1. El objetivo entra en el sitio activo de quimotripsina, y se mantiene allí por interacciones hidrofóbicas entre grupos no polares expuestos de residuos enzimáticos y la cadena lateral aromática no polar del sustrato. Es importante tener en cuenta el enlace de hidrógeno entre el nitrógeno Schiff de la histidina-57 y la cadena lateral de oxígeno de la serina-195.

2. Ayudado por el enlace de hidrógeno histidina-serina, el grupo hidroxilo de la serina-195 realiza un ataque nucleofílico sobre el carbono carbonilo de un aminoácido aromático mientras transfiere simultáneamente el hidrógeno hidroxilo al nitrógeno histidina Schiff. Este ataque empuja los electrones del carbonilo pi al oxígeno del carbonilo, formando un intermediario de corta duración que consiste en un carbono c-terminal con cuatro enlaces simples: un anión de oxígeno, el beta-carbono del aminoácido aromático, el n-terminal del aminoácido subsiguiente de la proteína del sustrato y el oxígeno de la cadena lateral serina-195.

3. Este intermedio es de corta duración, ya que los electrones oxianion reforman el enlace pi con el c-terminal del aminoácido aromático. El enlace entre el carboxi-terminal del aminoácido aromático y el n-terminal del residuo posterior se rompe, y sus electrones se utilizan para extraer el hidrógeno del nitrógeno Schiff protonado en la histidina-57. Los enlaces entre el carbono carbonilo y el oxígeno serina-195 permanecen en una configuración de éster. Esto se denomina intermedio de acil-enzima.
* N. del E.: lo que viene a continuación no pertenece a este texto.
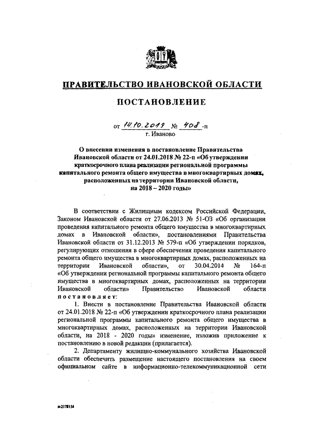 Постановление Правительства Ивановской области от 14.10.2019 N 408-п "О внесении изменения в постановление Правительства Ивановской области от 24.01.2018 N 22-п "Об утверждении краткосрочного плана реализации региональной программы капитального ремонта общего имущества в многоквартирных домах, расположенных на территории Ивановской области, на 2018 - 2020 годы"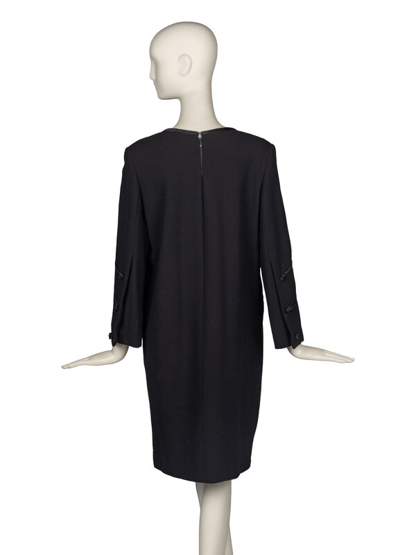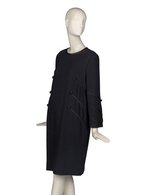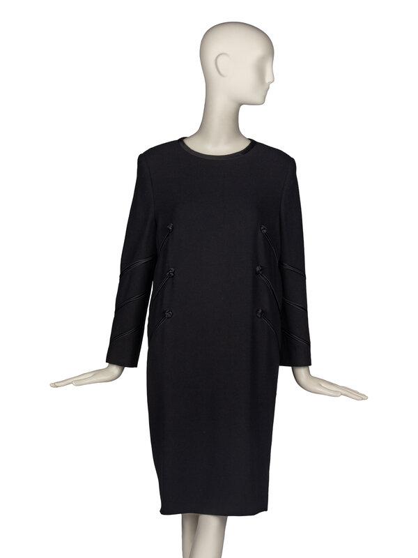 Straight shift dress in black wool crepe. Black satin ball knot and bound diagonal slit details at sides, coordinating details at sleeves. Zipper closure at back. Fully lined in silk.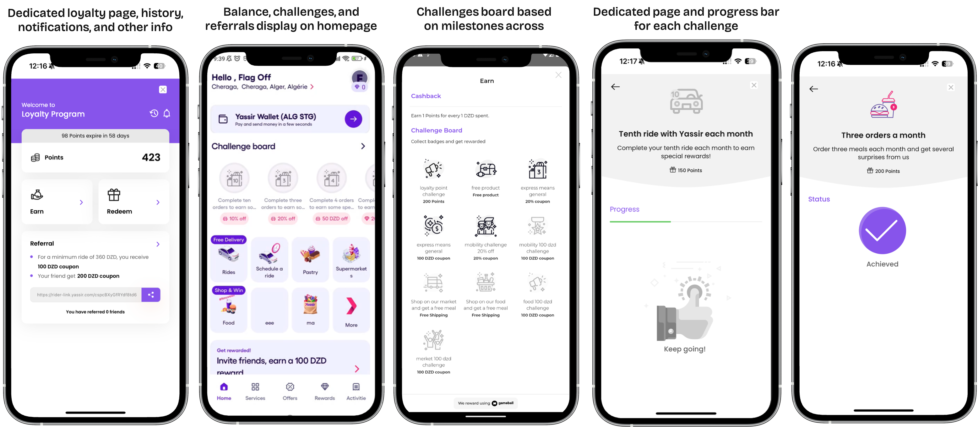 After a year of stalled internal development, Yassir’s in-house loyalty and referral program couldn’t scale across six countries, three service verticals, and multiple currencies and languages. European loyalty providers lacked the flexibility and cost-effectiveness the team needed.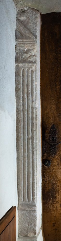 - Rechte Ecke eines eingeschriebenen Giebels, darunter kannelierter Pilaster mit Blattkapitell. Rahmen einer Grabstele ?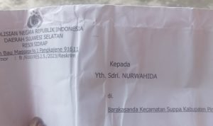 Perempuan berinisial NW (55) seorang warga Barakasanda, Kecamatan Suppa, Kabupaten Pinrang, Sulawesi Selatan. Diduga telah mengabaikan Surat Panggilan Polisi yang sudah 2 pekan lalu pasca dilayangkannya pihak Penyidik Kepolisian Resort Sidenreng Rappang kepada yang bersangkutan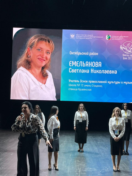 — Емельянову Светлану Николаевну, учителя ОПК и музыки МБОУ СОШ №72 имени В.Е. Cтаценко, Октябрьский район, Ростовская область;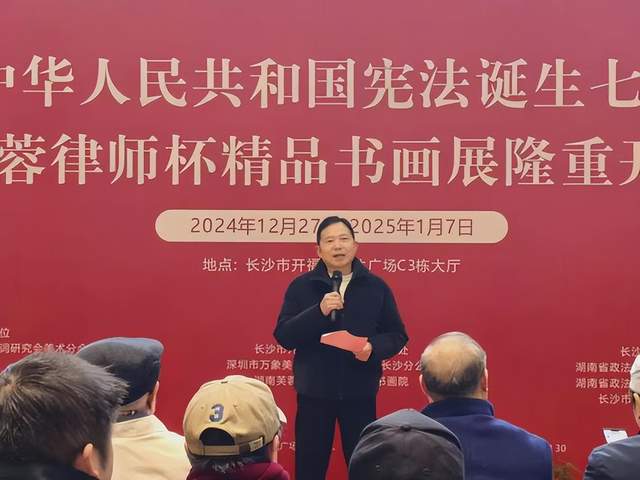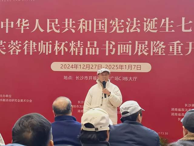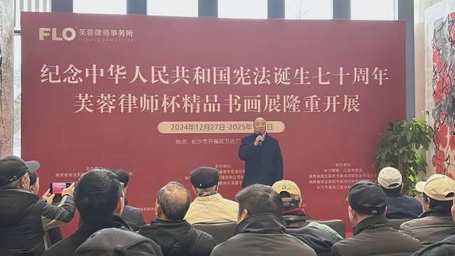 2024年12月27日,纪念中华人民共和国宪法诞生七十周年芙蓉律师杯精品书画展在长沙市开福区万达广场C3栋大厅盛大开幕,展览期限自2024年12月27日至2025年1月7日。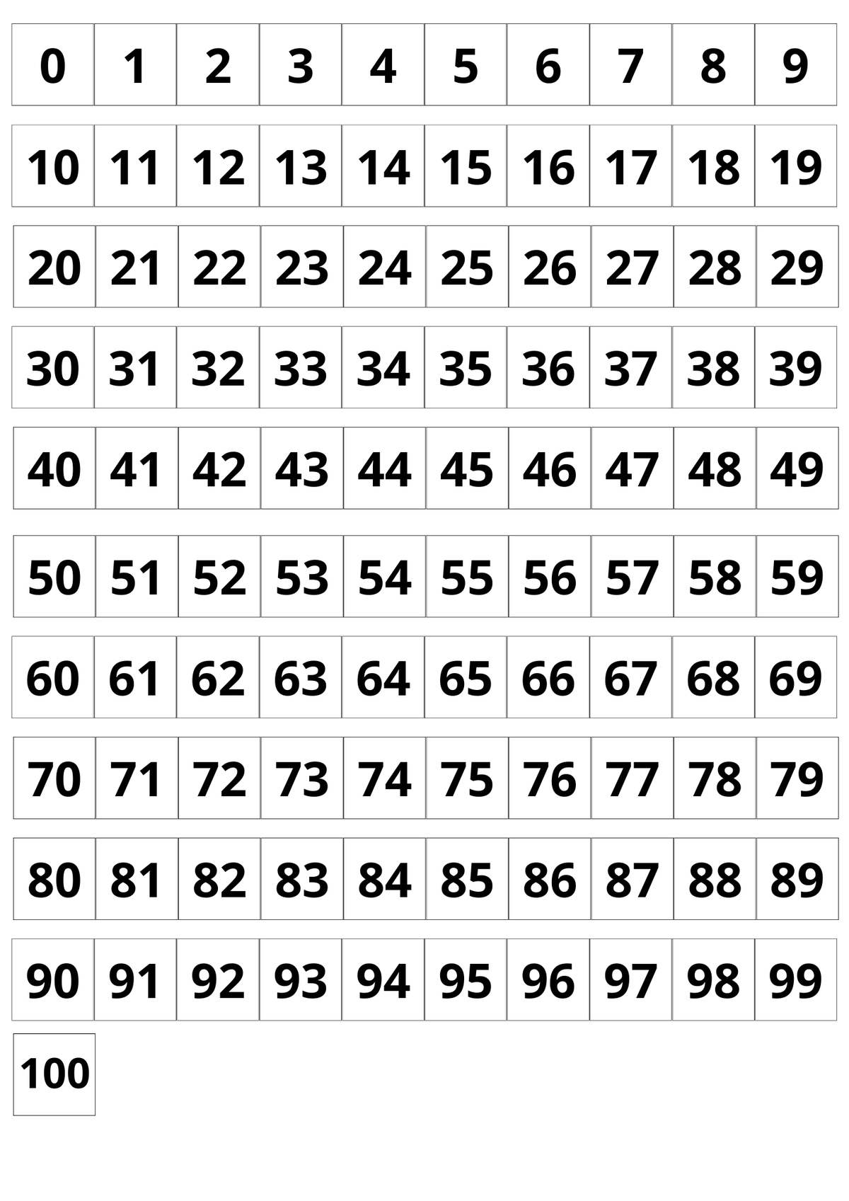 Castillo numérico del 0 al 100

El lado c-terminal del polipéptido ahora es libre de disociarse del sitio activo de la enzima.

4. Las moléculas de agua ahora pueden entrar y unirse al sitio activo a través de enlaces de hidrógeno entre los átomos de hidrógeno del agua y el nitrógeno histidina-57 Schiff.

5. El oxígeno del agua ahora hace un ataque nucleofílico sobre el carbono carbonilo del intermedio de la enzima acilo, empujando los electrones pi del carbonilo sobre el carbono carbonilo a medida que la histidina-57 extrae un protón del agua. Esto forma otro carbono cuaternario unido covalentemente con serina, un hidroxilo, un oxianión y el aminoácido aromático. El protón de la histidina-57 recientemente protonada ahora es capaz de hacer un enlace de hidrógeno con el oxígeno de la serina.

6. Los electrones oxianion reforman el enlace carbonilo pi, rompiendo el enlace entre el carbono carbonilo y el hidroxilo de serina. Los electrones en este enlace son utilizados por el oxígeno de la serina para desprotonar el nitrógeno de histidina Schiff y reformar la enzima original. El sustrato ya no tiene afinidad por el sitio activo, y pronto se disocia del complejo.